**Dataset extract:**
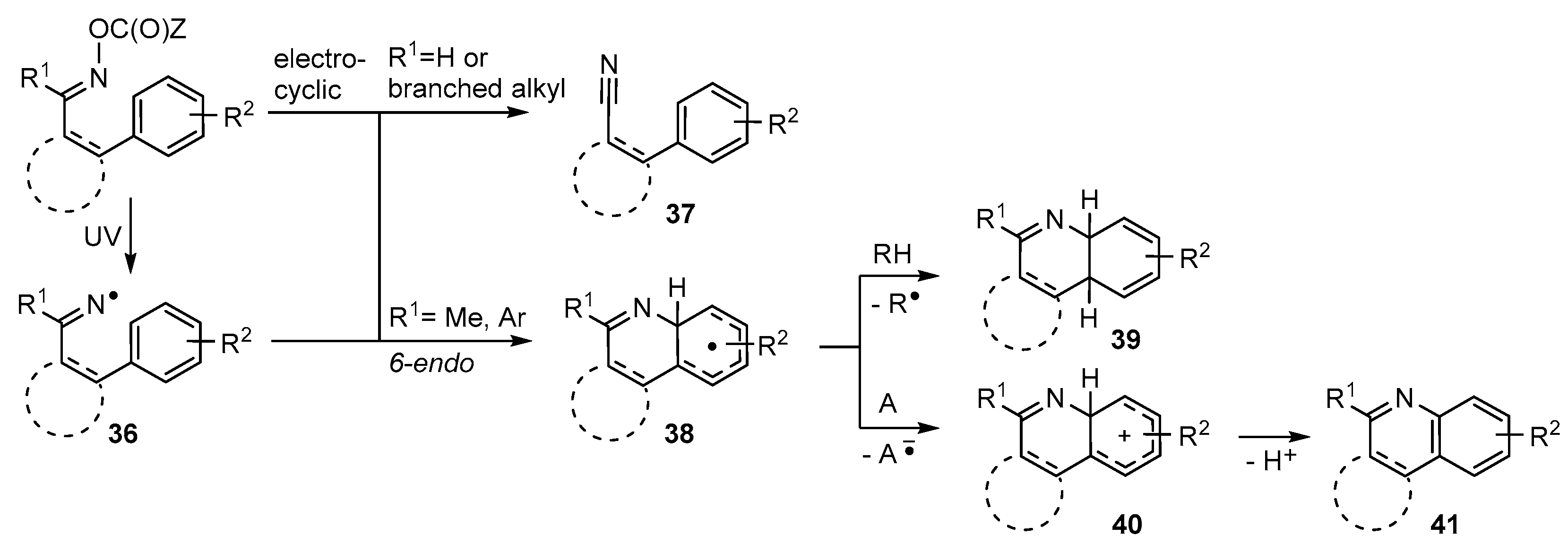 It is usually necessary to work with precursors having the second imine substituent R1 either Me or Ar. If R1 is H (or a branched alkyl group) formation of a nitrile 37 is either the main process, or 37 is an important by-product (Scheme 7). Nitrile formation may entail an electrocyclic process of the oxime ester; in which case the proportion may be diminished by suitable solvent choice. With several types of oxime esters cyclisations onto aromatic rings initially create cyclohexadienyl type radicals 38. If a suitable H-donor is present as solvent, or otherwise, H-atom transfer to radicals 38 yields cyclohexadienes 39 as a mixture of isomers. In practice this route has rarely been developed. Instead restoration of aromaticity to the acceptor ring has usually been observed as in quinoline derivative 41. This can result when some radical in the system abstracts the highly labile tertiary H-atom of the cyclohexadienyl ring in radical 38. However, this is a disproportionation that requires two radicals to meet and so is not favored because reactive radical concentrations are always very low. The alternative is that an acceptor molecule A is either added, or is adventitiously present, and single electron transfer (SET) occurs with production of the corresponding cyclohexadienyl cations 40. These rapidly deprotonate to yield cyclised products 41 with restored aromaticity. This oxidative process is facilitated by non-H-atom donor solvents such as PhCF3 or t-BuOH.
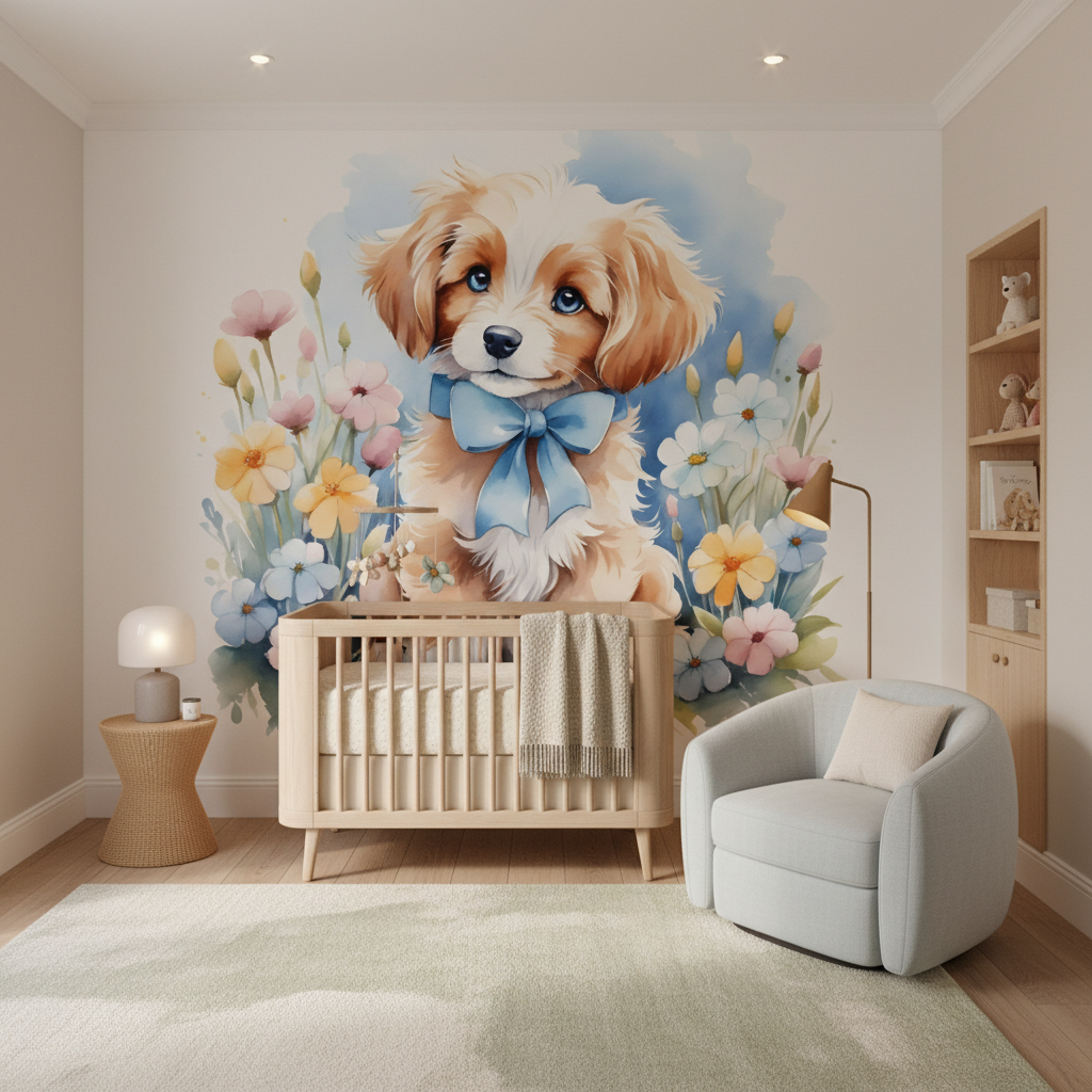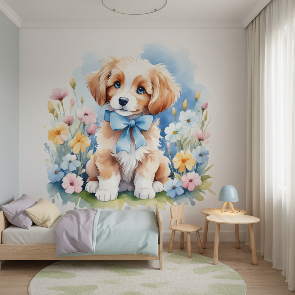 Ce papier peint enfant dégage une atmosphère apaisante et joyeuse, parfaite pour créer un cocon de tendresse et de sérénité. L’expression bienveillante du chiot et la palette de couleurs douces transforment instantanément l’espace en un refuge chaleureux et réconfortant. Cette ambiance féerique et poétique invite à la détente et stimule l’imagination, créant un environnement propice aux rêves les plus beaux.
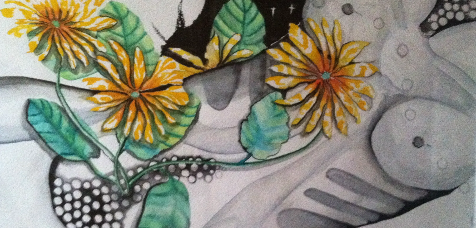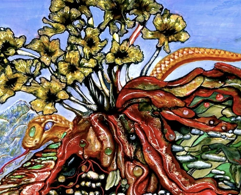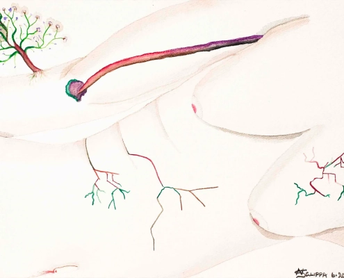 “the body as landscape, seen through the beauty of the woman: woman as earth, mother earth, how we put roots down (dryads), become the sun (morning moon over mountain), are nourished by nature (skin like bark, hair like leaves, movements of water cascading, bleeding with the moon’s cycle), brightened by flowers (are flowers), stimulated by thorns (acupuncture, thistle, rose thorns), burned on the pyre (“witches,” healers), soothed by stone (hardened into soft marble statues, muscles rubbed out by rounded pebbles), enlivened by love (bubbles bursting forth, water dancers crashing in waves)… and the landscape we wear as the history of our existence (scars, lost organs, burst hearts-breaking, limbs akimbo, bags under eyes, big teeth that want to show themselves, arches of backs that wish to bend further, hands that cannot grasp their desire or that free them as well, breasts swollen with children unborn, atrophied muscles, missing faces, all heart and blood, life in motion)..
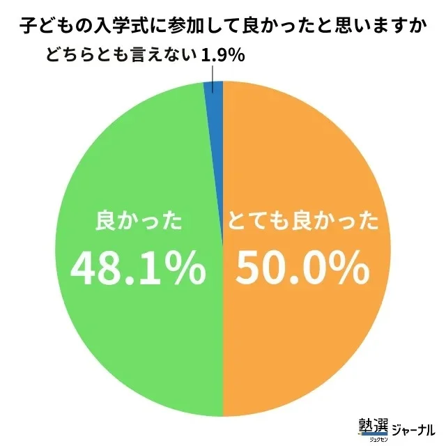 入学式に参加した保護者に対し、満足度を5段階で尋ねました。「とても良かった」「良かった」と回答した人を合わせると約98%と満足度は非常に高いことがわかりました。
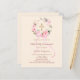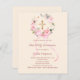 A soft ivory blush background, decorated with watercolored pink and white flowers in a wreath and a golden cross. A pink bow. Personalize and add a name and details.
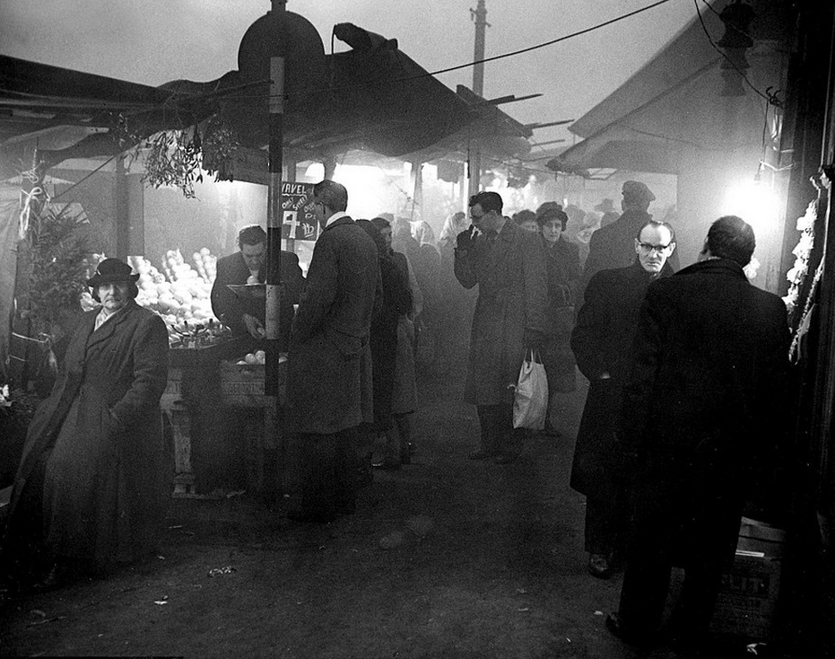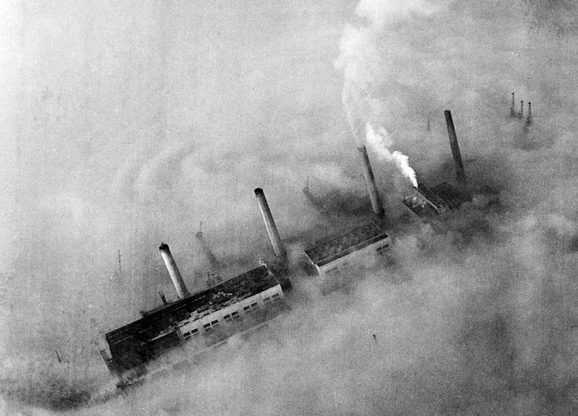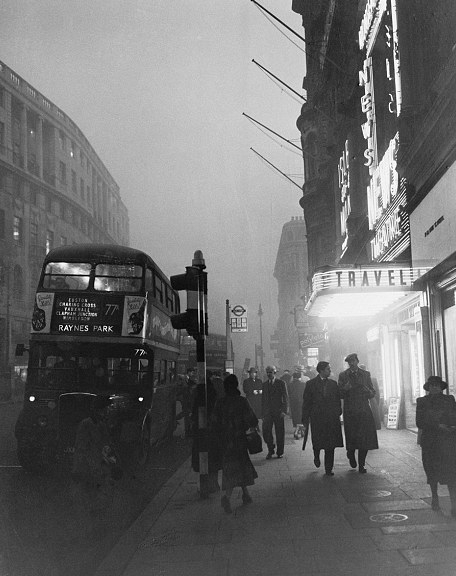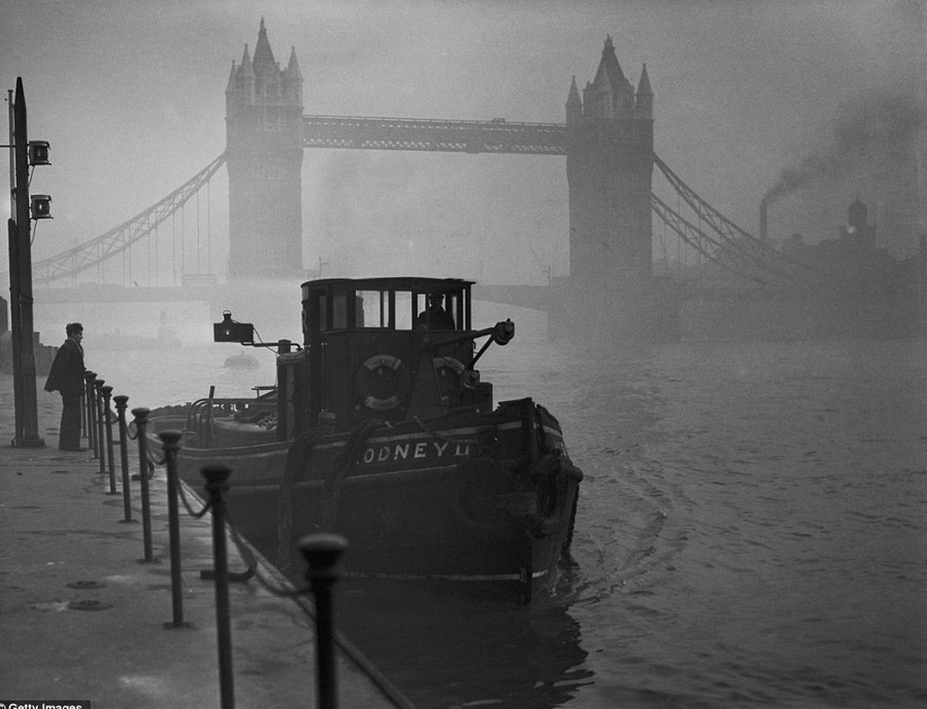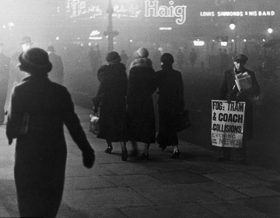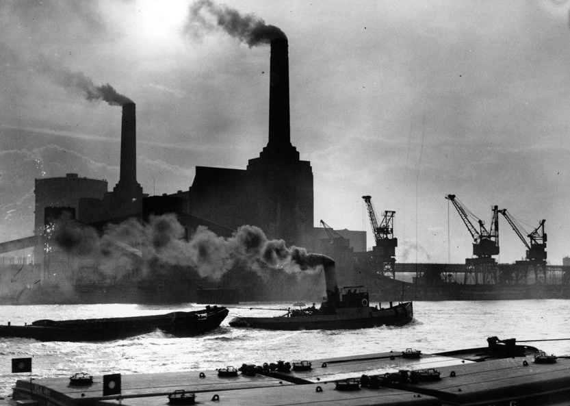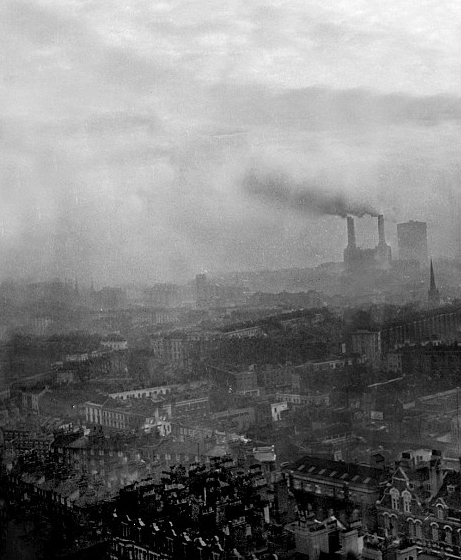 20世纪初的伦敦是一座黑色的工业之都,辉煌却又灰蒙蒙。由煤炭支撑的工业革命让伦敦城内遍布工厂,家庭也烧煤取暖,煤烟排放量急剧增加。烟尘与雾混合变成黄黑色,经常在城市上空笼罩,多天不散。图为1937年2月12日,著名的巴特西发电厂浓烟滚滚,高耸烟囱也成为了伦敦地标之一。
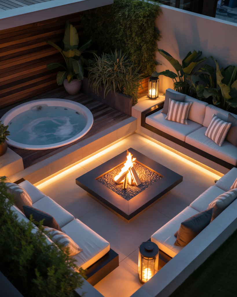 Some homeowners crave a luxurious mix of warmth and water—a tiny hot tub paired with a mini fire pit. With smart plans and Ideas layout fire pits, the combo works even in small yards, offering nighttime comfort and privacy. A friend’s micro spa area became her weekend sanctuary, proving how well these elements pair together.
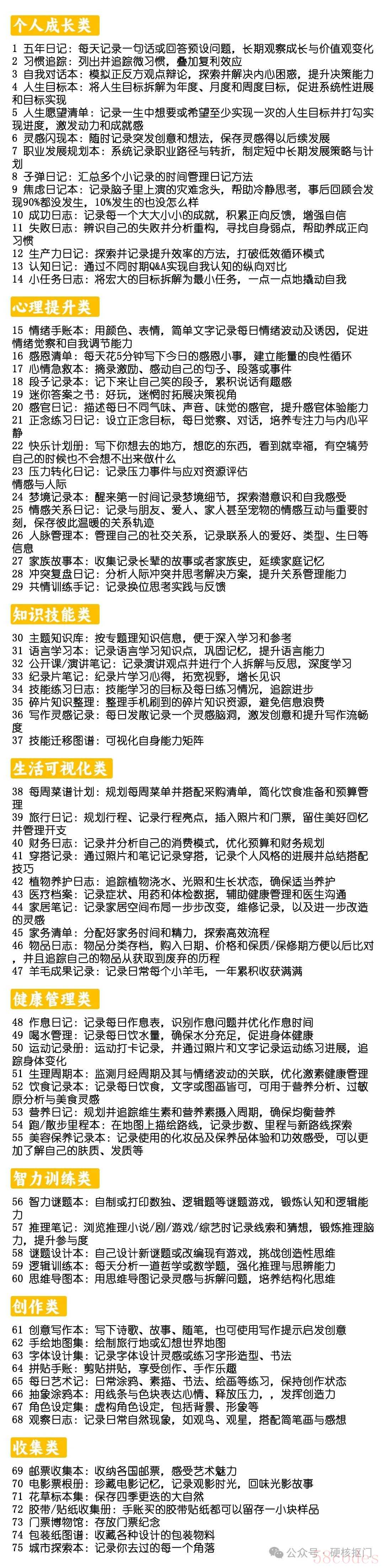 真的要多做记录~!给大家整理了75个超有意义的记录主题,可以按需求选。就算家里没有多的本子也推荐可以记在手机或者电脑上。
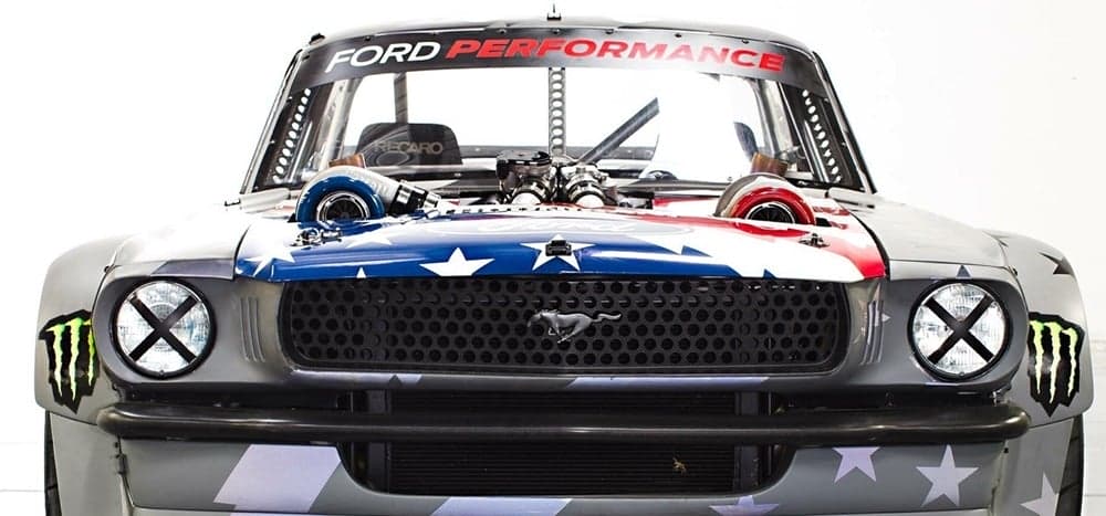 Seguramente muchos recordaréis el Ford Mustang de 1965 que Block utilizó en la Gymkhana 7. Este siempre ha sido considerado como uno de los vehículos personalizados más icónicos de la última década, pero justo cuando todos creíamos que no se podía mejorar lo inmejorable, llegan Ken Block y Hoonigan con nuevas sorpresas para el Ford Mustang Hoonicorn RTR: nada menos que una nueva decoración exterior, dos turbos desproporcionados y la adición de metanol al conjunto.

**Work required:**
Strip out the images, then output the records above word for word.

**Task answer:**
 It is usually necessary to work with precursors having the second imine substituent R1 either Me or Ar. If R1 is H (or a branched alkyl group) formation of a nitrile 37 is either the main process, or 37 is an important by-product (Scheme 7). Nitrile formation may entail an electrocyclic process of the oxime ester; in which case the proportion may be diminished by suitable solvent choice. With several types of oxime esters cyclisations onto aromatic rings initially create cyclohexadienyl type radicals 38. If a suitable H-donor is present as solvent, or otherwise, H-atom transfer to radicals 38 yields cyclohexadienes 39 as a mixture of isomers. In practice this route has rarely been developed. Instead restoration of aromaticity to the acceptor ring has usually been observed as in quinoline derivative 41. This can result when some radical in the system abstracts the highly labile tertiary H-atom of the cyclohexadienyl ring in radical 38. However, this is a disproportionation that requires two radicals to meet and so is not favored because reactive radical concentrations are always very low. The alternative is that an acceptor molecule A is either added, or is adventitiously present, and single electron transfer (SET) occurs with production of the corresponding cyclohexadienyl cations 40. These rapidly deprotonate to yield cyclised products 41 with restored aromaticity. This oxidative process is facilitated by non-H-atom donor solvents such as PhCF3 or t-BuOH.
 Ce papier peint enfant dégage une atmosphère apaisante et joyeuse, parfaite pour créer un cocon de tendresse et de sérénité. L’expression bienveillante du chiot et la palette de couleurs douces transforment instantanément l’espace en un refuge chaleureux et réconfortant. Cette ambiance féerique et poétique invite à la détente et stimule l’imagination, créant un environnement propice aux rêves les plus beaux.
 “the body as landscape, seen through the beauty of the woman: woman as earth, mother earth, how we put roots down (dryads), become the sun (morning moon over mountain), are nourished by nature (skin like bark, hair like leaves, movements of water cascading, bleeding with the moon’s cycle), brightened by flowers (are flowers), stimulated by thorns (acupuncture, thistle, rose thorns), burned on the pyre (“witches,” healers), soothed by stone (hardened into soft marble statues, muscles rubbed out by rounded pebbles), enlivened by love (bubbles bursting forth, water dancers crashing in waves)… and the landscape we wear as the history of our existence (scars, lost organs, burst hearts-breaking, limbs akimbo, bags under eyes, big teeth that want to show themselves, arches of backs that wish to bend further, hands that cannot grasp their desire or that free them as well, breasts swollen with children unborn, atrophied muscles, missing faces, all heart and blood, life in motion)..
 入学式に参加した保護者に対し、満足度を5段階で尋ねました。「とても良かった」「良かった」と回答した人を合わせると約98%と満足度は非常に高いことがわかりました。
 A soft ivory blush background, decorated with watercolored pink and white flowers in a wreath and a golden cross. A pink bow. Personalize and add a name and details.
 20世纪初的伦敦是一座黑色的工业之都,辉煌却又灰蒙蒙。由煤炭支撑的工业革命让伦敦城内遍布工厂,家庭也烧煤取暖,煤烟排放量急剧增加。烟尘与雾混合变成黄黑色,经常在城市上空笼罩,多天不散。图为1937年2月12日,著名的巴特西发电厂浓烟滚滚,高耸烟囱也成为了伦敦地标之一。
 Some homeowners crave a luxurious mix of warmth and water—a tiny hot tub paired with a mini fire pit. With smart plans and Ideas layout fire pits, the combo works even in small yards, offering nighttime comfort and privacy. A friend’s micro spa area became her weekend sanctuary, proving how well these elements pair together.
 真的要多做记录~!给大家整理了75个超有意义的记录主题,可以按需求选。就算家里没有多的本子也推荐可以记在手机或者电脑上。
 Seguramente muchos recordaréis el Ford Mustang de 1965 que Block utilizó en la Gymkhana 7. Este siempre ha sido considerado como uno de los vehículos personalizados más icónicos de la última década, pero justo cuando todos creíamos que no se podía mejorar lo inmejorable, llegan Ken Block y Hoonigan con nuevas sorpresas para el Ford Mustang Hoonicorn RTR: nada menos que una nueva decoración exterior, dos turbos desproporcionados y la adición de metanol al conjunto.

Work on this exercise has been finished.